# 790 with 419 loader curl issues



## craziejoker (Apr 12, 2011)

Hi, new here, but used the site before, very helpful

My dad has an older 790 with a 419 loader that we are having issues with.
The maintainence is done meticulously every year, and I use it to plow(with the bucket) while dad is in florida, and dad uses it to move brush and produce and to occasionally get himself unstuck.

What is going on is the bucket will dump normally, it lifts and drops normally, but curling the bucket back, it goes halfway and it acts like it hit the stop: motor bogs down and pump whines. Also, when the control stick is moved to the right and held, like to dump, the bucket cycles all the way to the lower stop, but then curls right back up without moving the stick!

The snow was extremely heavy this year, and dad is shall we say difficult on equipment, but it is driving me nuts till I figure it out. He has the money to pay dealer to fix, but i feel every time he goes there he gets taken advantage of(he is 75). Plus, I can fix it. I just need pointed in the right direction

Is it in the valve assy the stick is attached to? I hope it is just a blown o-ring that I can change and have him back to work.

Sorry so long, thank you for all your help
Jason


----------



## Hoodoo Valley (Nov 14, 2006)

Welcome to the forum! Call your JD dealer and ask to speak with a mechanic. They often give good pointers over the phone. Sounds like the valve to me. Do you have it blocked for regen?


----------



## craziejoker (Apr 12, 2011)

Talked to a few mechanics today, and after that ordered the seal kit for valve. 
Wont be in till Friday, so I should have him back rolling by Monday.
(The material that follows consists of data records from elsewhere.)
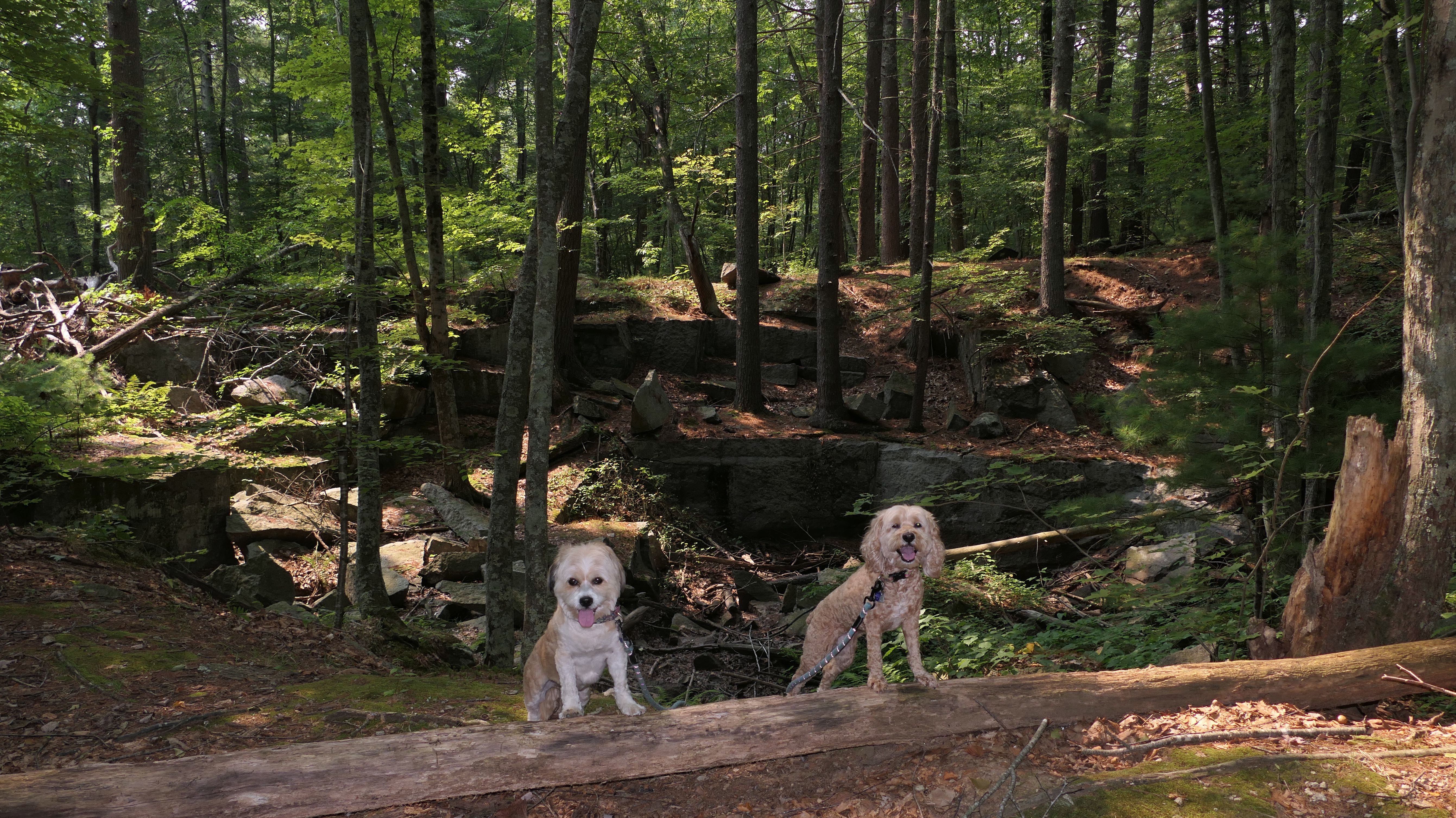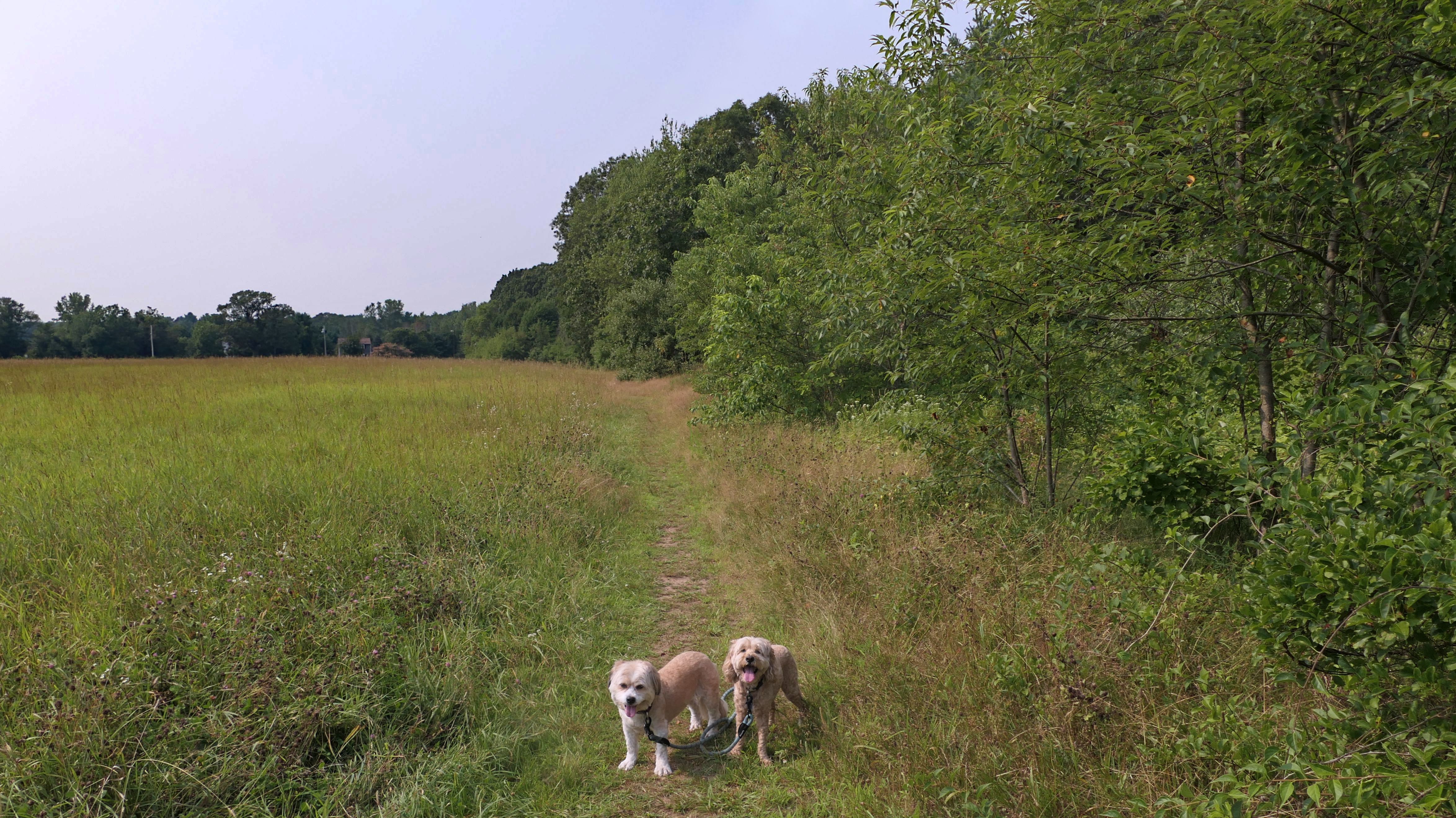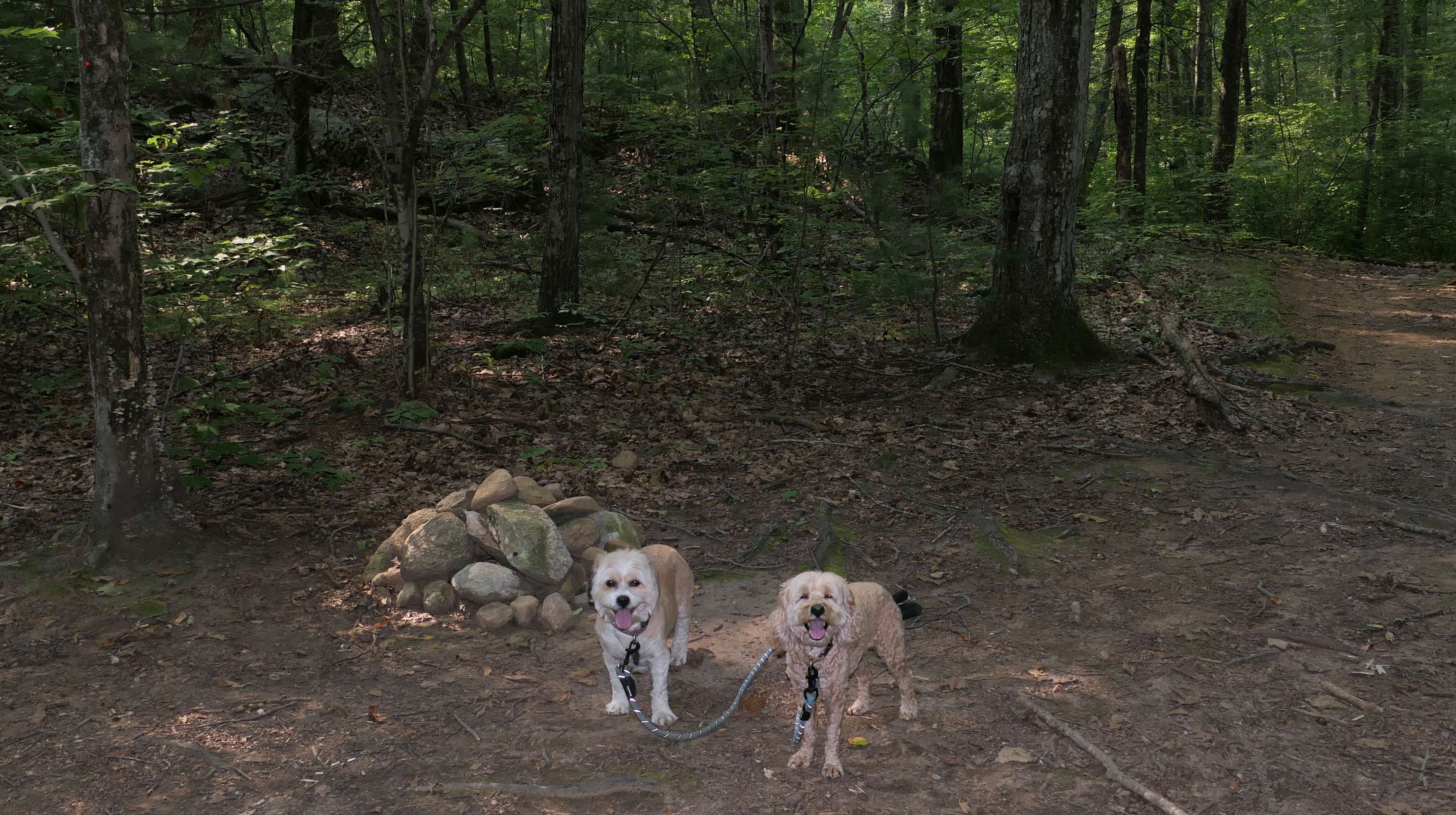 We hiked a two mile loop trail here. 98% of the trail runs through the woods. The other 2% of the loop runs along the edge of an open field area. The path is easy to navigate, but not well marked. It was supposedly a sunny day, but the sky was filled with wildfire smoke from Canada, so there was no blue visible in the sky at all. This was an okay walk through the woods, but nothing really stands out about it.
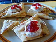 Dzień Naleśnika ...dla każdego coś innego ))). Z truskawkami z cukrem muscovado , bitą śmietaną ''pocymanowaną '' i guziczkami jagód . Oraz klasyka z białym serem z cynamonem i wiśniową gorącą frużeliną z nutką rumu .. )))
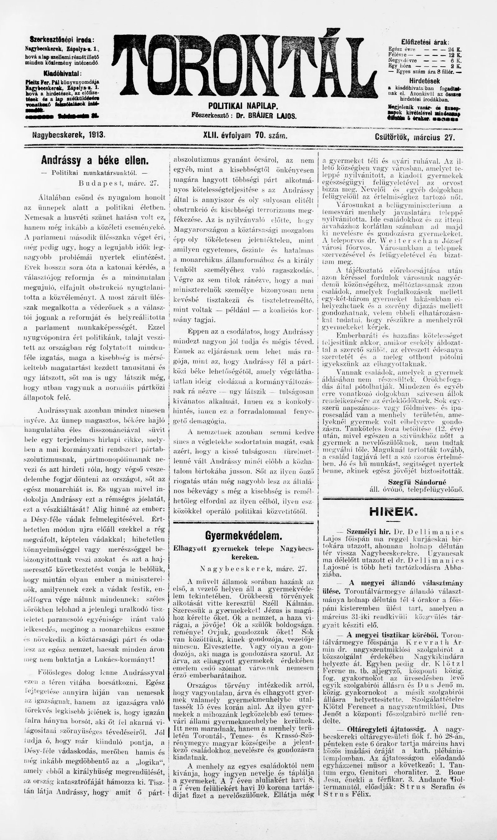 Torontál, 42. évf. 1913. március 27. 70. sz.
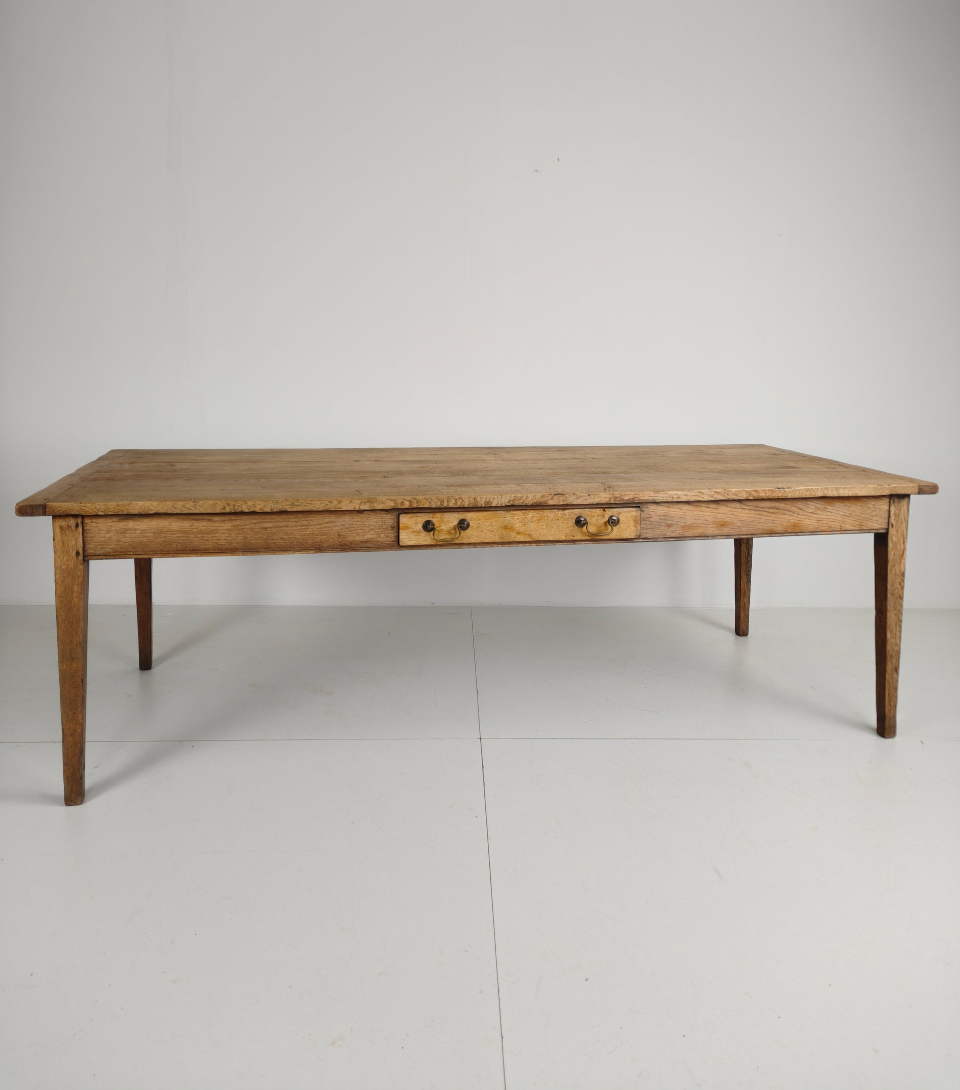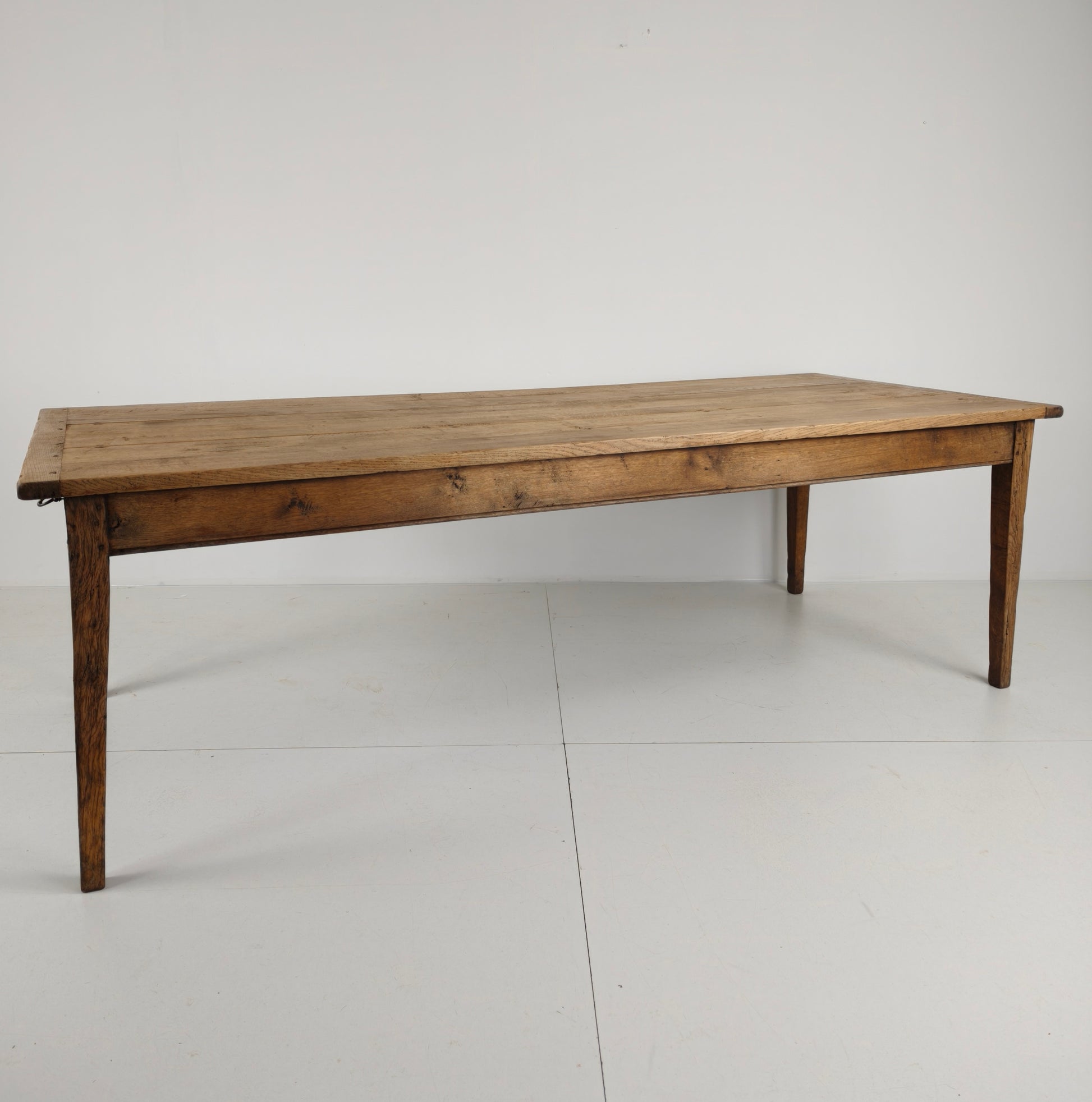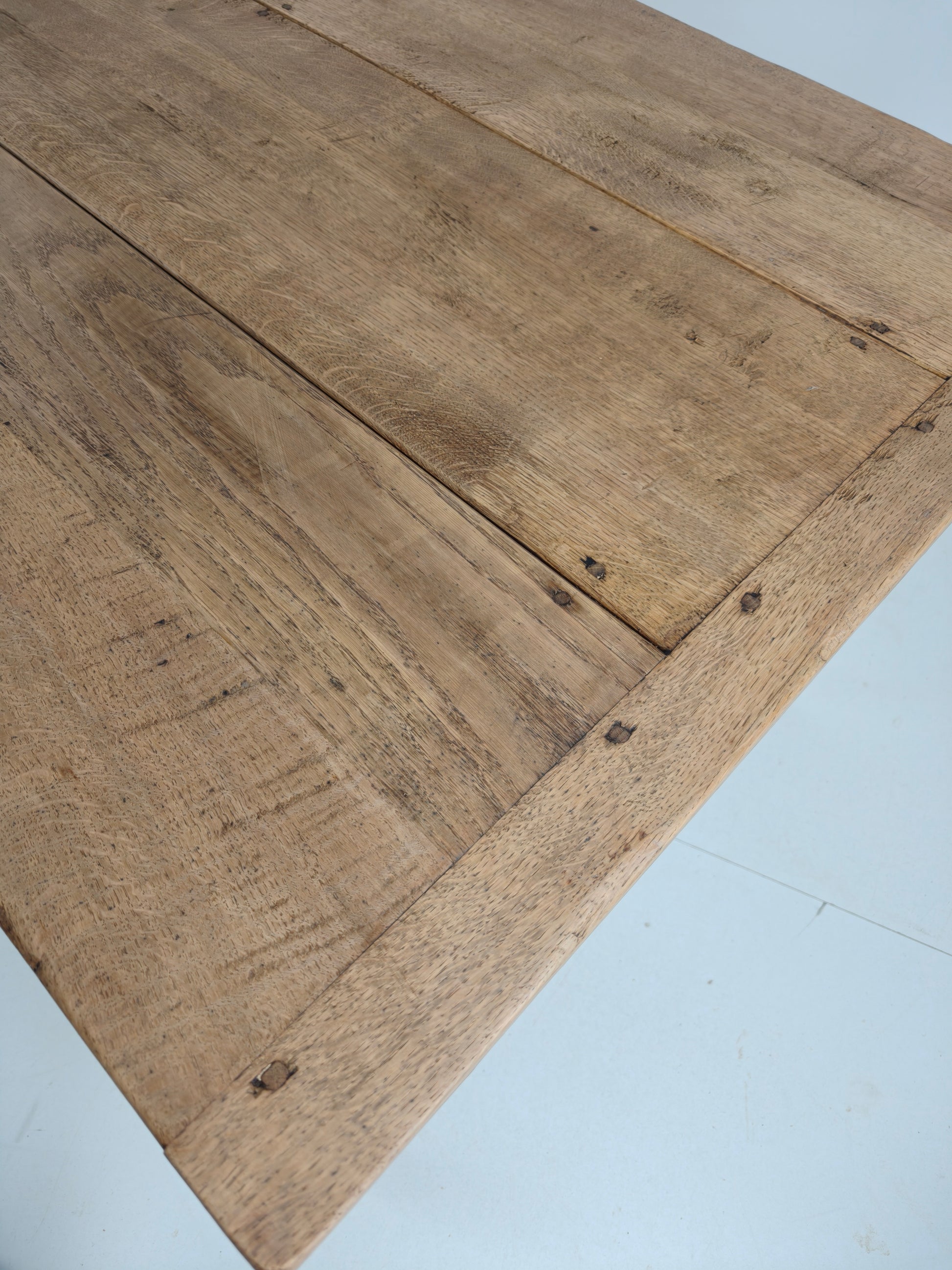 This antique 1900 French farmhouse dining table with rustic charm and timeless elegance. Crafted from solid oak wood, it features a beautiful, well-worn patina that showcases its rich history and character. The table’s sturdy construction reflects the craftsmanship of the period, while its aged surface bears signs of wear consistent with its age and use, adding to its authenticity and appeal.
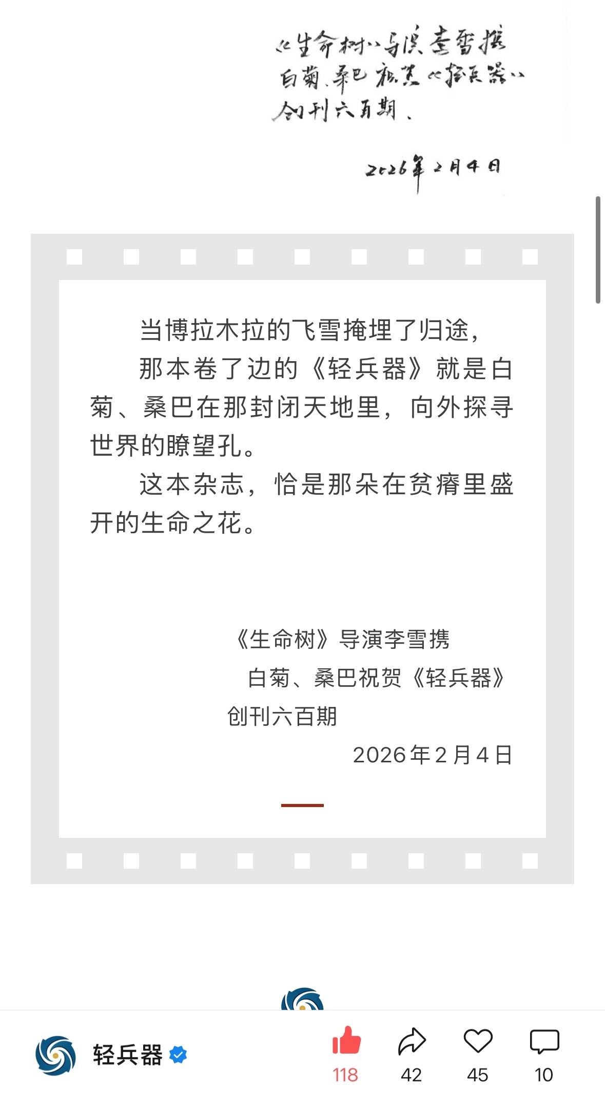 生命树李雪太好玩儿了,好真诚的导演,给轻兵器gzh私信人家没理他,又跑去plq留言导演你这个WX名搁我我也不敢信啊这个gzh做的蛮好的,都是干货科普贴导演还代表白菊、桑巴给杂志送上了祝福“是在那封闭天地里向外探寻世界的瞭望孔”在那个网络还不发达的年代,一本杂志或许就是一个人开启世界认知的引子

What is "blocked for regen"? I dont know what that is so I am curious


----------



## Hoodoo Valley (Nov 14, 2006)

Look down through the lever opening, and you'll see a plate with a single cap screw. It's a two position block that allows the loader rams to have no pressure for "quick dumps" or you can go regen where it will only dump as fast as the rams will push out based on the hydraulic pump itself.


----------